Xtr,  Ytr  = build_dataset(words[:n1])     # 80%
Xdev, Ydev = build_dataset(words[n1:n2])   # 10%
Xte,  Yte  = build_dataset(words[n2:])     # 10%
torch.Size([180834, 3]) torch.Size([180834])
torch.Size([22852, 3]) torch.Size([22852])
torch.Size([22639, 3]) torch.Size([22639])
embed_dim=10 # Dimension de l'embedding de C
hidden_dim=200 # Dimension de la couche cachée

C = torch.randn((46, embed_dim))
W1 = torch.randn((block_size*embed_dim, hidden_dim))*0.01 # On initialise les poids à une petite valeur
b1 = torch.randn(hidden_dim) *0 # On initialise les biais à 0
W2 = torch.randn((hidden_dim, 46))*0.01
b2 = torch.randn(46)*0 
parameters = [C, W1, b1, W2, b2]
for p in parameters:
  p.requires_grad = True

Here is our forward propagation code:

batch_size = 32

ix = torch.randint(0, Xtr.shape[0], (batch_size,))
  
# Forward
Xb, Yb = Xtr[ix], Ytr[ix] 
emb = C[Xb] 
embcat = emb.view(emb.shape[0], -1)
hpreact = embcat @ W1 + b1 

h = torch.tanh(hpreact) 
logits = h @ W2 + b2 
loss = F.cross_entropy(logits, Yb)

Implementing BatchNorm#

According to the article, here is the information:

Norm

First, we need to normalize.

To do this, we calculate the mean and standard deviation of hpreact and then normalize using these values:

epsilon=1e-6
hpreact_mean = hpreact.mean(dim=0, keepdim=True)
hpreact_std= hpreact.std(dim=0, keepdim=True)
hpreact_norm = (hpreact - hpreact_mean) / (hpreact_std+epsilon)

We can now integrate this normalization into the forward propagation.

C = torch.randn((46, embed_dim))
W1 = torch.randn((block_size*embed_dim, hidden_dim))*0.01 # On initialise les poids à une petite valeur
b1 = torch.randn(hidden_dim) *0 # On initialise les biais à 0
W2 = torch.randn((hidden_dim, 46))*0.01
b2 = torch.randn(46)*0 
# Paramètres de batch normalization
bngain = torch.ones((1, hidden_dim))
bnbias = torch.zeros((1, hidden_dim))

parameters = [C, W1, b1, W2, b2, bngain, bnbias]
for p in parameters:
  p.requires_grad = True

And in forward propagation, we will have:

batch_size = 32

ix = torch.randint(0, Xtr.shape[0], (batch_size,))
  
# Forward
Xb, Yb = Xtr[ix], Ytr[ix] 
emb = C[Xb] 
embcat = emb.view(emb.shape[0], -1)
hpreact = embcat @ W1 + b1 

# Batch normalization
bnmean = hpreact.mean(0, keepdim=True)
bnstd = hpreact.std(0, keepdim=True)
hpreact = bngain * (hpreact - bnmean) / bnstd + bnbias

h = torch.tanh(hpreact) 
logits = h @ W2 + b2 
loss = F.cross_entropy(logits, Yb)

The Problem with Batch Normalization#

Upon reflection, we can identify potential issues related to BatchNorm:

An example is affected by other elements in the batch: Normalizing along the batch dimension means that the values of each example within the batch are influenced by other examples. This might seem problematic, but in practice, it’s actually a good thing. Using random batches at each epoch provides regularization, reducing the risk of overfitting the data. However, if you want to avoid this issue, you can use other normalization methods that do not normalize along the batch dimension. In practice, BatchNorm is still widely used because it works very well empirically.
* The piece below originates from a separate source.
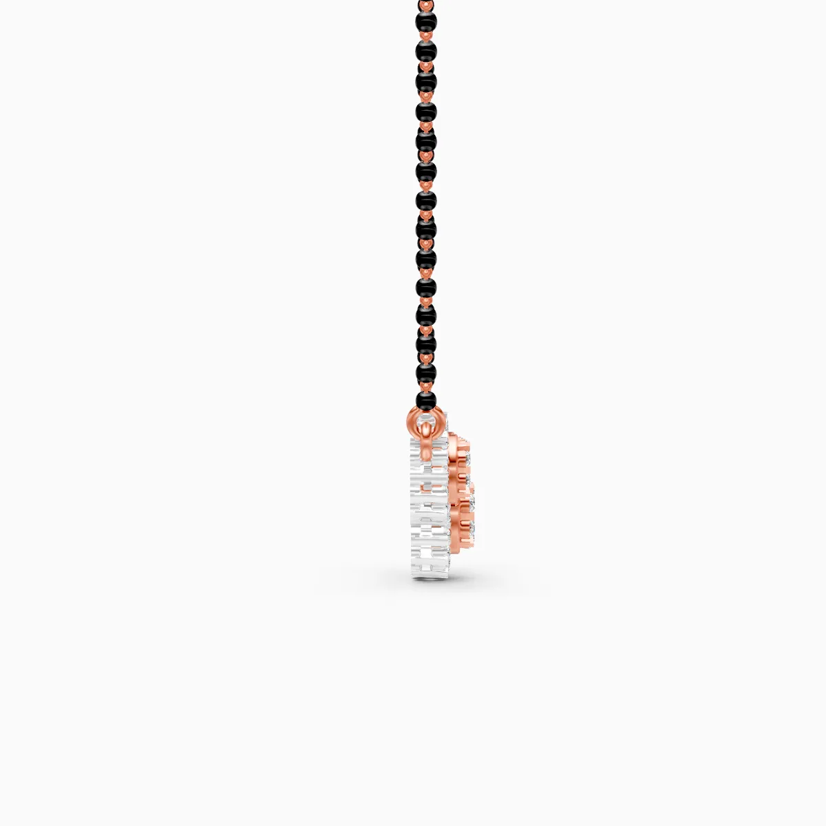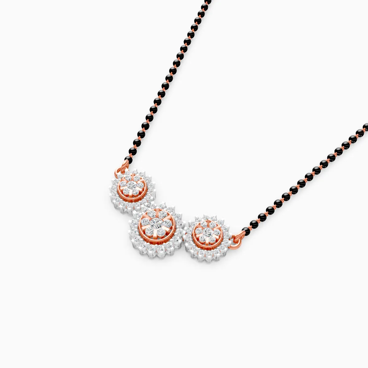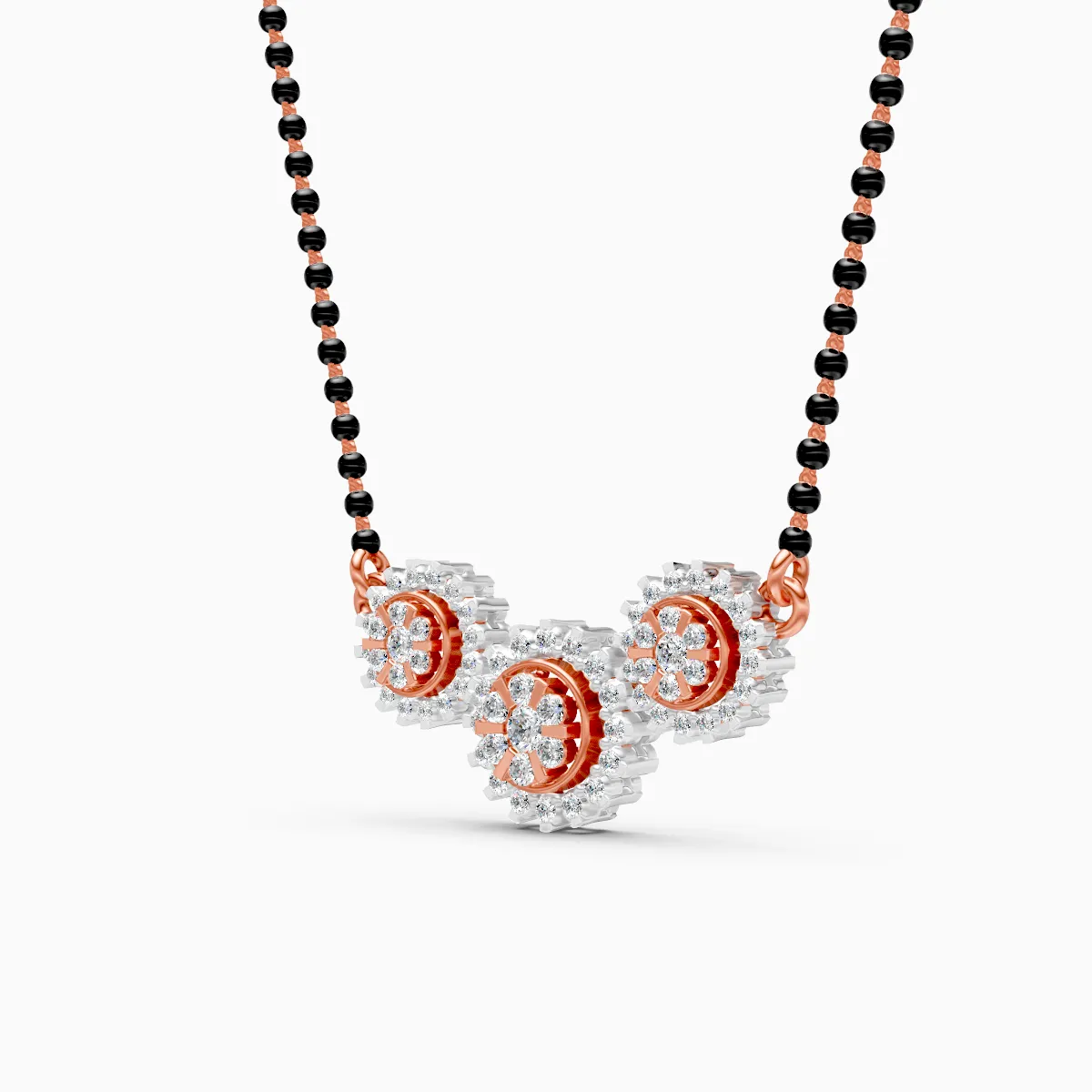 1 StoneReimagine tradition with this enchanting mangalsutra, designed for the modern woman who cherishes meaningful elegance. The pendant features three interconnected floral motifs, each set with a brilliant center lab-grown diamond surrounded by a halo of smaller sparkling stones, creating a blooming trio that symbolizes past, present, and future. Crafted in your choice of solid 9K, 14K, or 18K yellow, white, or rose gold, this design sits flat against the neckline, ensuring it remains lightweight and comfortable for everyday wear. As a conflict-free and planet-conscious alternative to mined diamonds, this piece seamlessly blends cultural heritage with contemporary ethics, making it perfect for styling with both office wear and ethnic festive outfits.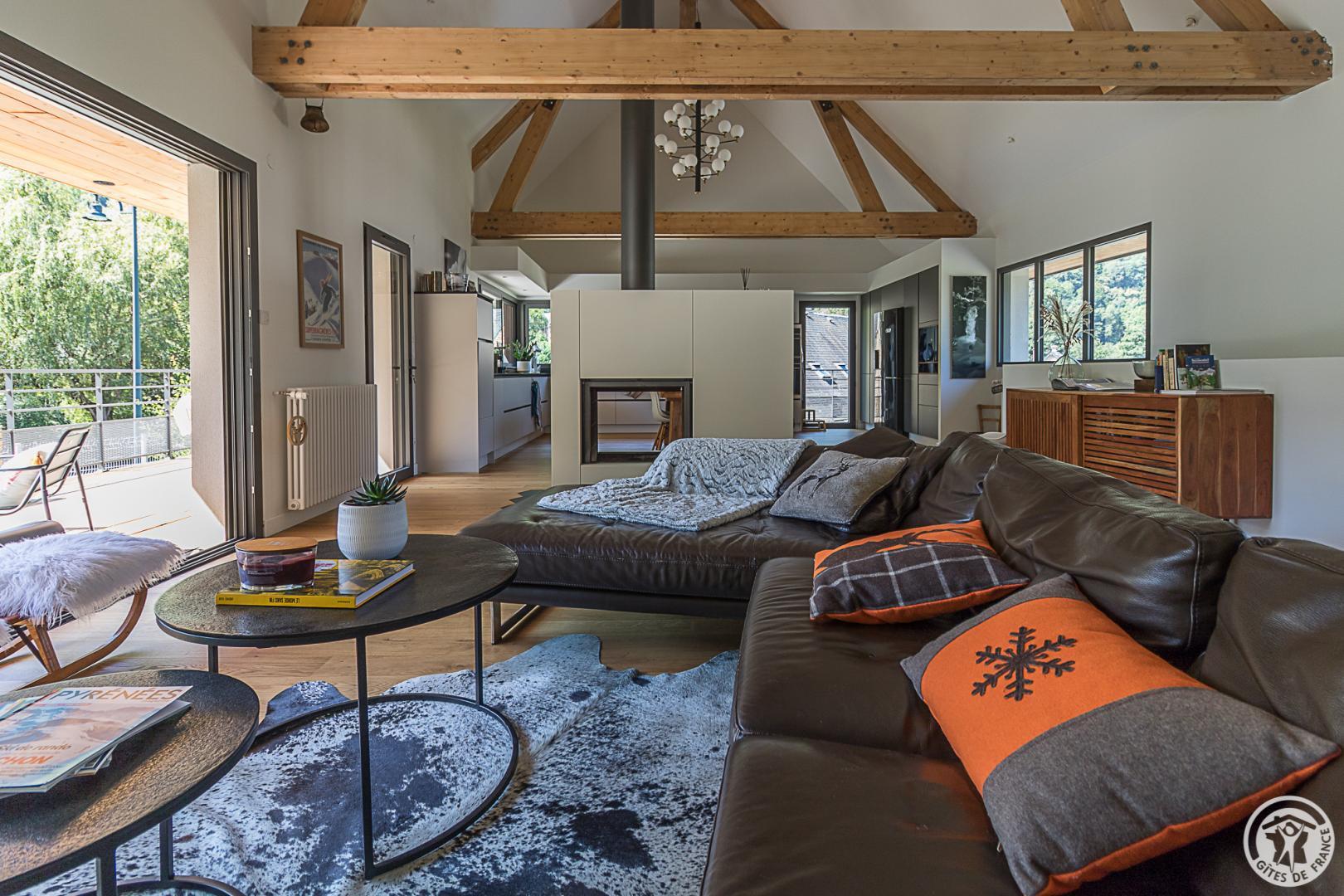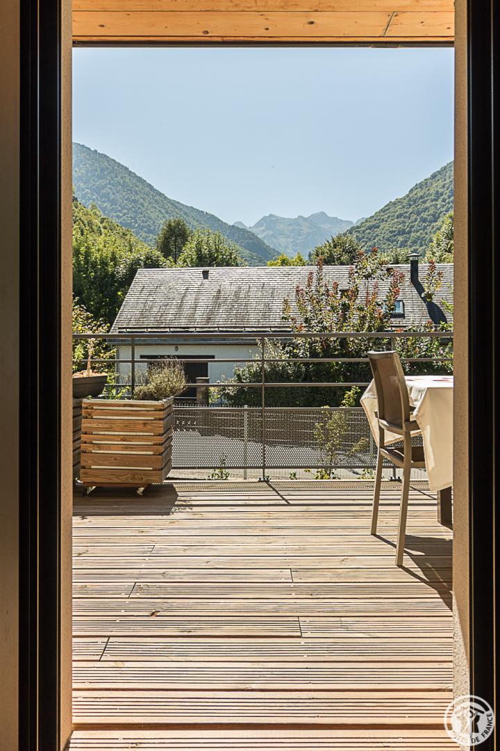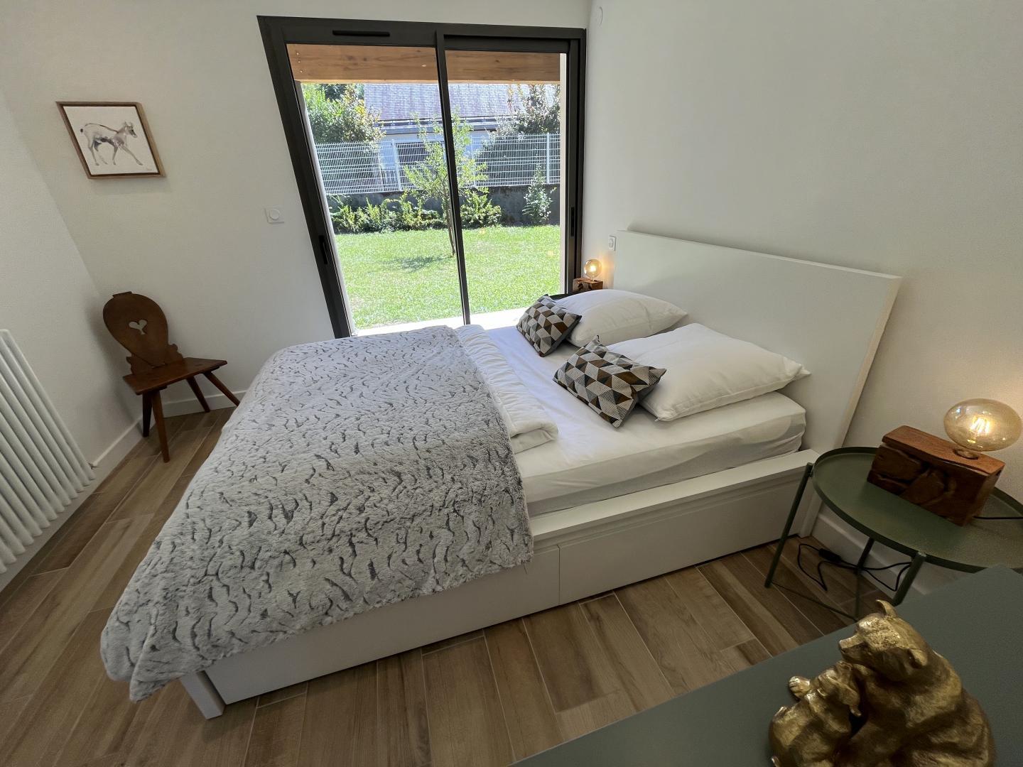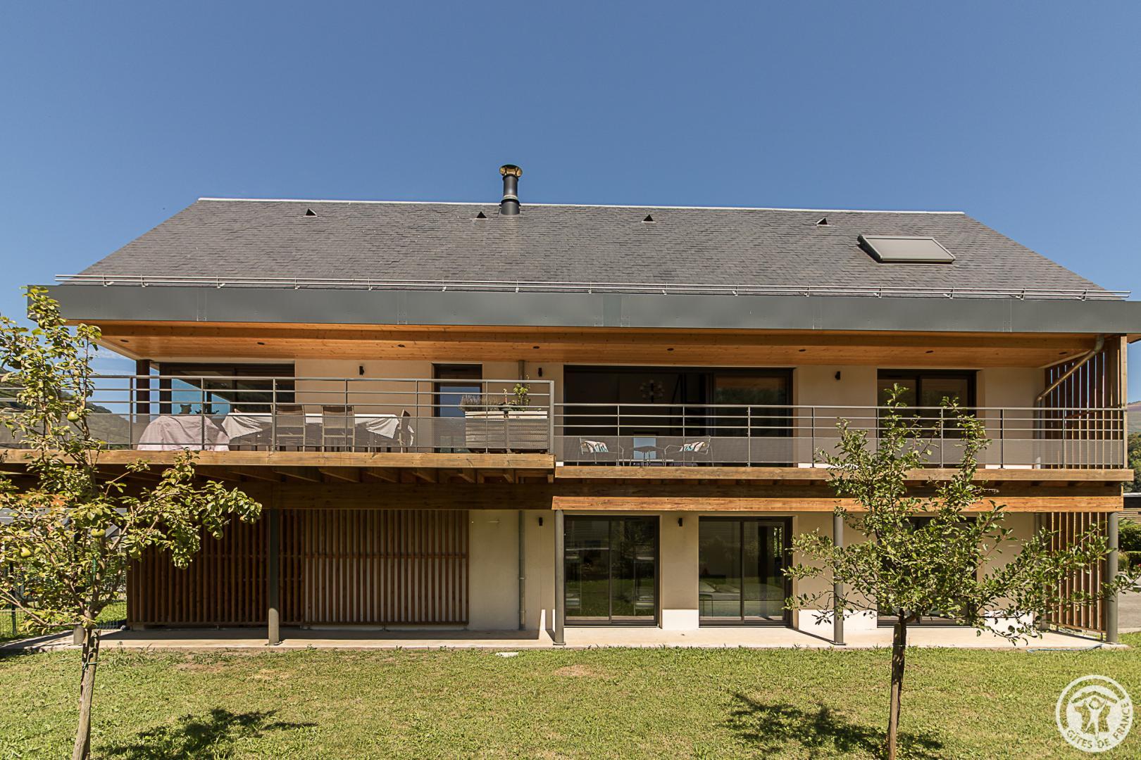 Le gîte est aménagé dans une villa contemporaine tournée plein Sud vers les sommets, au calme, dans un quartier résidentiel. L’espace extérieur, de 700m², propose un jardin enherbé, planté de fruitiers, une cour et un abri couvert pour le stationnement des véhicules.

Testing on a single element: During training, each element is influenced by other elements in its batch. However, during inference, when using the model on a single element, we can no longer apply BatchNorm. This is a problem because we want to avoid different behavior during training and inference.

To solve this problem, we have two solutions:

  • We can calculate the mean and variance over all elements at the end of training and use these values. In practice, we don’t want to perform an additional iteration over the entire dataset just for this, so no one does it this way.

  • Another solution is to update the mean and variance throughout training using an EMA (exponential moving average). At the end of training, we will have a good approximation of the mean and variance of all training elements.

In practice, we can implement it like this in Python:

C = torch.randn((46, embed_dim))
W1 = torch.randn((block_size*embed_dim, hidden_dim))*0.01 # On initialise les poids à une petite valeur
b1 = torch.randn(hidden_dim) *0 # On initialise les biais à 0
W2 = torch.randn((hidden_dim, 46))*0.01
b2 = torch.randn(46)*0 
# Paramètres de batch normalization
bngain = torch.ones((1, hidden_dim))
bnbias = torch.zeros((1, hidden_dim))
bnmean_running = torch.zeros((1, hidden_dim))
bnstd_running = torch.ones((1, hidden_dim))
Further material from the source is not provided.